The SOS_SCHEDULER_YIELD waits are just because the threads are able to do more before having to wait, and so they’re hitting voluntary yield points in the code – the workload is becoming more CPU bound.

Summary

I’ve clearly shown that the new Fusion-io driver gives a nice boost compared to the older one – very cool.
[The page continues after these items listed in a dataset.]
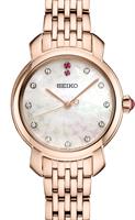 Seiko watch model SUR624 from Seiko Essentials Collection. Rose gold plated stainless steel case and watch bracelet, two fuchsia Swarovski crystals at 12 o`clock, flower patterned mother-of-pearl dial with 12 crystal markers. Special edition.
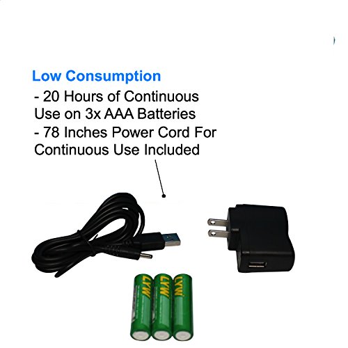 ✔ LOW CONSUMPTION - 20 Hours of Continuous Use on 3x AA Batteries
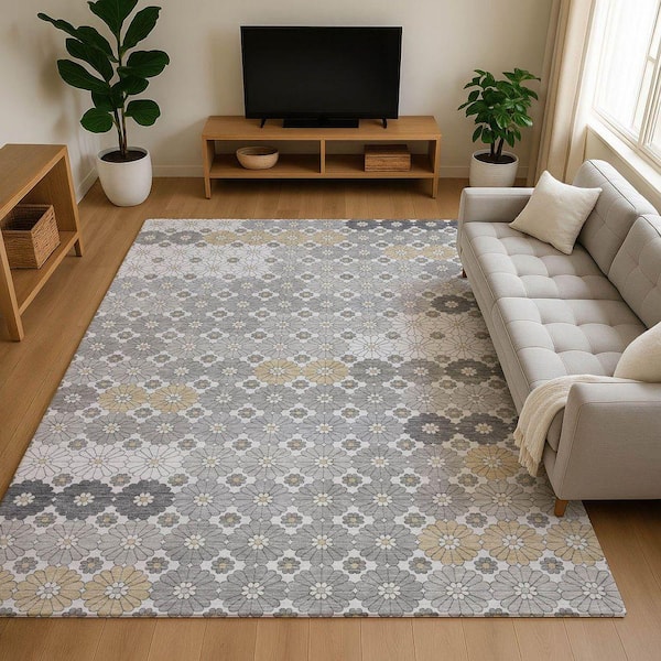 Mayfield Premium Machine Washable Abstract AMF1678 Gray 3 ft. x 4 ft. Area Rug
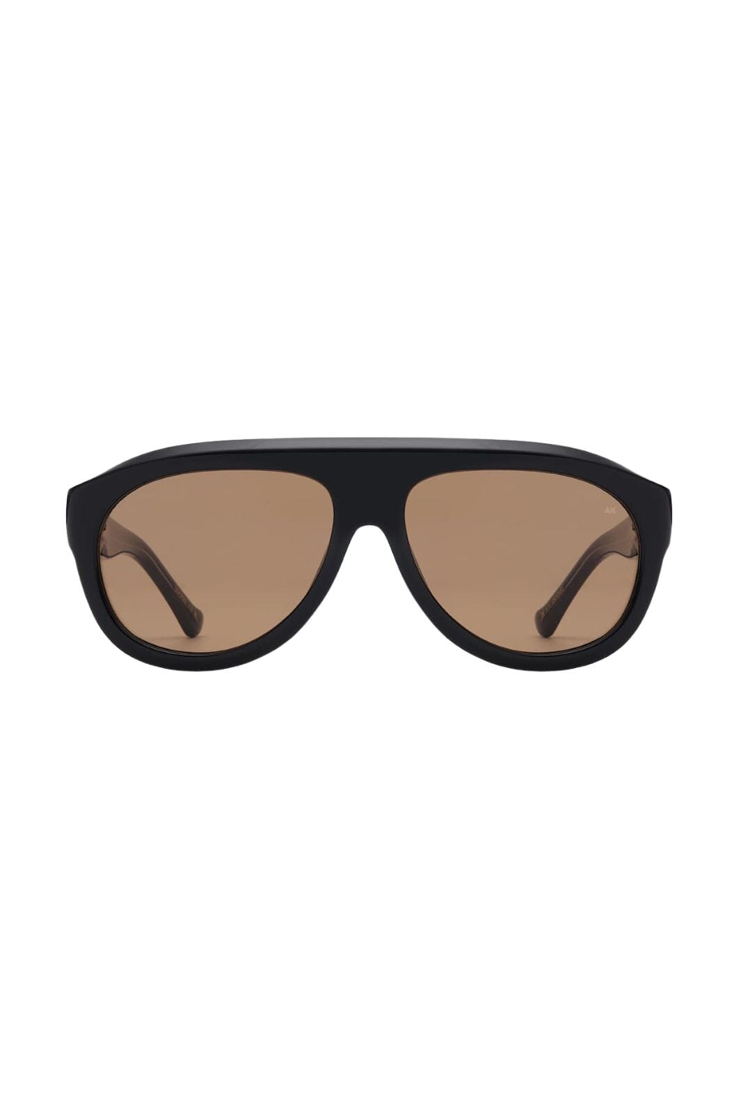Svarta solglasögon från A. Kjærbede med aviator-inspirerat båge. Glasögonen har en bred, skulpturerad form med bruna linser och en markant bro på 16 mm.
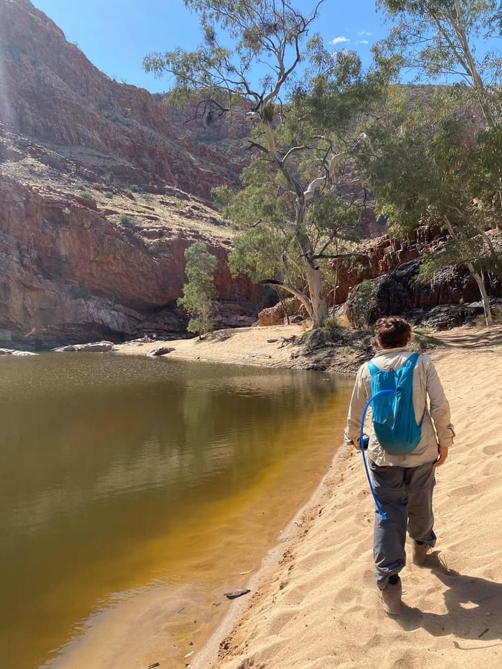 With time on my side, I decided to walk to Glen Helen Gorge about 4km off the main trail but still signposted. I booked a night in the lodge which had just reopened after a long closure due to Covid. How exciting it would be to sleep in a bed.

I’ve also shown that the number of files on the SSD does have an affect on performance too – with the sweet spot appearing to be the number of processor cores (just an observation, definitely NOT a recommendation). I’d love to see someone do similar tests on a 16-way, 32-way or higher (or lend me one to play with :-)

[Edit: I discussed the results with my friend Thomas Kejser on the SQLCAT team and he sees the same behavior on a 64-way running the same benchmark (in fact we screen-shared on a 64-way system with 2TB and 4 640GB Fusion-io cards this weekend). He posted some more investigations on his blog – see here.]

And finally, I showed that for my workload, using a 4-Kb sector size did not improve performance.

I’d call that a successful test – *really* interesting!